Après Shirley Jackson et Henry James, Flanagan s’attaque donc à un autre père fondateur de la littérature d’horreur gothique. The Fall of the House Usher ne se base pas que sur la nouvelle à laquelle elle emprunte son nom, mais bien sur la bibliographie complète de l’auteur américain. Sauf le premier et le dernier, qui font tous deux référence au poème Le Corbeau, chaque épisode s’inspire d’une nouvelle qui lui donne son titre, en plus de contenir moult références à d’autres œuvres. En outre, chaque personnage de la série porte le nom d’un personnage de Poe, ou encore d’une personne l’ayant côtoyé dans la vraie vie.
Une anthologie sans en être une, The Fall of the House of Usher articule ces références autour du récit-cadre de la confession de Roderick. Il faut toutefois dire que les passages qui révèlent le passé des jumeaux Usher sont l’élément le plus faible de la série. Les retours en arrière souffrent en effet d’un rythme lent dont le dénouement ne justifie pas l’anticipation, laissant au spectateur·trice le sentiment un peu amer de s’être fait mené en bateau.
Cette faiblesse mise à part, Flanagan ne déçoit pas. Au sommet de sa forme, il cimente sa réputation de virtuose du mélodrame familial surnaturel en reprenant les instruments qui font son succès: une narration aux couches riches et nombreuses, un style flamboyant et une maîtrise de l’art du monologue. Bien que certain·e·s pourraient la trouver lourde et indulgente, sa complexité et sa prétention intellectuelle ne privent pas le spectateur d’ingrédients horrifiques plus tape-à-l’œil, comme une bonne dose d’humour morbide, des jump scares bien sentis et des morts plus créatives les unes que les autres. Le deuxième épisode contient d’ailleurs une scène sanglante dont on se souviendra longtemps.
Comme d’habitude, le réalisateur s’entoure de ses interprètes chouchoux. La distribution compte donc des habitués du Flanaganverse comme Henry Thomas, T’Nia Miller, Samantha Sloyan, Rahul Kohli, Zack Gilford, Crystal Balint, Kate Siegel ou encore Carla Gugino. Cette dernière livre d’ailleurs une performance transcendante dans le rôle ambitieux de Verna, un oiseau de malheur qui porte plusieurs chapeaux.

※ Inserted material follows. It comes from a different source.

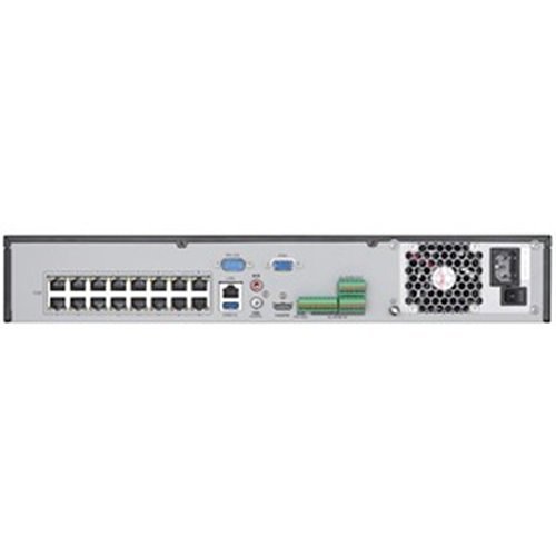 This NVR supports live view, recording, and storage functionalities for up to 16 cameras simultaneously, offering resolutions up to 12 MP. It facilitates centralized camera management and includes features such as data import/export, real-time information display, two-way audio, and intelligent video content analysis (VCA) detection alarms, enhancing overall operational efficiency and responsiveness.

«Jamais plus», disait le corbeau du célèbre poème éponyme d’Edgar Allan Poe; nous, c’est plutôt «encore plus» qu’on a envie de chanter. Sans date annoncée pour son prochain film, The Life of Chuck, l’attente sera longue pour celleux qui ont hâte de voir quels autres tours Mike Flanagan cache dans son sac. Heureusement, avec cette autre excellente série qui s’ajoute à son répertoire déjà généreux, les fans auront de quoi tromper l’impatience.